You can measure continuity between the two top terminals if you wish to electrically confirm what I'm saying although you can visibly see exactly what I'm saying. As to whether or not the switch is broken, that depends on whether the linkage lever is depressing the switch. You can't see this from the front of the deck, you have to look at the back. It's easy to do, just depress the play button while looking at the back of the deck. You should see the lever above the switch sink. When that linkage depresses the switch, it should turn the switch ON. However, if the switch is in the ON position without the sliding linkage touching it, then it is broken because it is not working like it is supposed to be. Broken doesn't necessarily mean you see a mechanical break somewhere, it simply means it's not functioning properly. That's a complicated switch. There is two parallel planes.

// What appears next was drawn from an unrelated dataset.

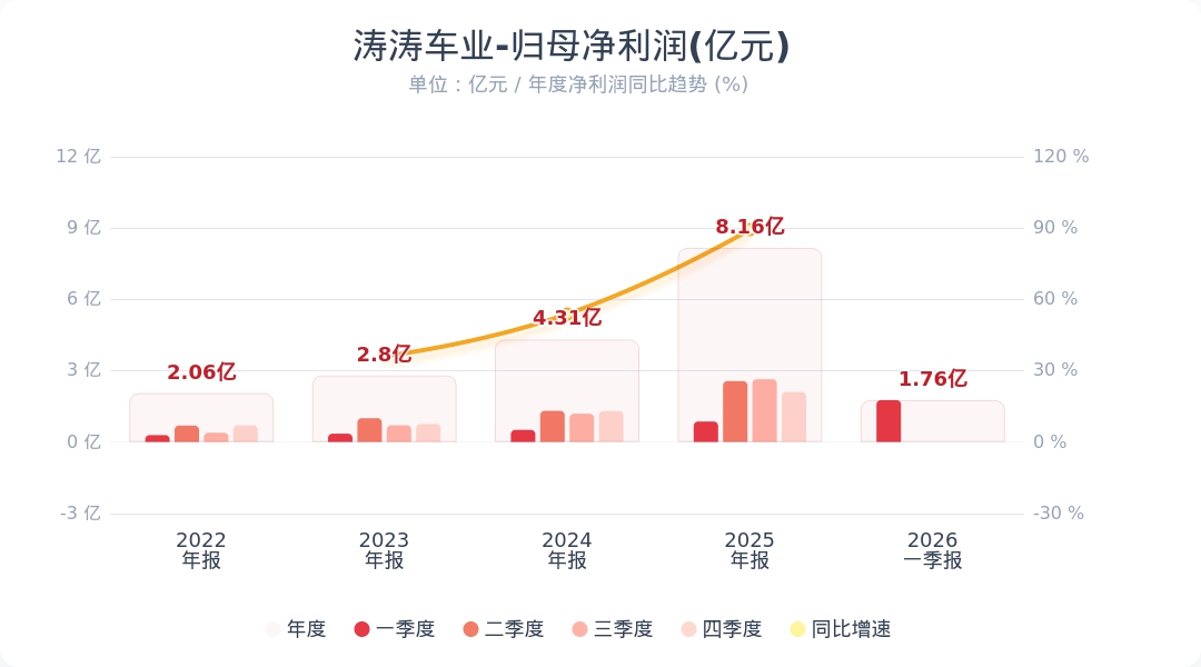 财联社4月28日电,涛涛车业(301345.SZ)公告称,2026年第一季度实现营业收入10.59亿元,同比增长65.66%;归属于上市公司股东的净利润为1.76亿元,同比增长104.50%。业绩变动主要系电动低速车销售增长所致。小财注:公司Q1净利润1.76亿,2025年Q4净利润2.1亿,据此计算,Q1净利润环比下降15%。

When you flex those two planes, the upper one can't stretch so the lower one has to compress. This compression is what causes the middle leaf to deflect, snap up and touch the top leaf.
THIS BOOMBOX HAS BEEN OBSOLETE FOR DECADES. JVC does not sell parts to repair it anymore. If the switch is broken, you will need to devise a solution yourself so that when the linkage is depressed, a switch will turn on. Replacement leaf switches are available, just not an exact JVC part. Every member collector here knows that unless you can find used parts, you often have to engineer some solution to keep these things running. Sanding wheels is not a JVC sanctioned service technique. Only because replacement parts are hard, often impossible to find.
As for the clicking, you are losing the forest from the trees. The deck motor is not intended to constantly spin with all the deck keys in the up position. Who knows if this is a consequence of that. You need to address things one at a time, I think I hinted as much. Keep in mind that this deck has a solenoid that will definitely click when it is actuated. I believe it is a stop solenoid for the music search feature but might also function for the deck stop too for end of tape. Are you operating the deck without a cassette tape in the chamber? If so, then the autostop probably is actuating. Regardless, only you have the deck in front of you, you'll need to check operation on the workbench to see if everything is working properly. We can't see what's going on with simply a few photos. If you think this is over your head, you might have to just send this off to a technician or maybe buy a used deck.
Hope this helps, good luck on the repair.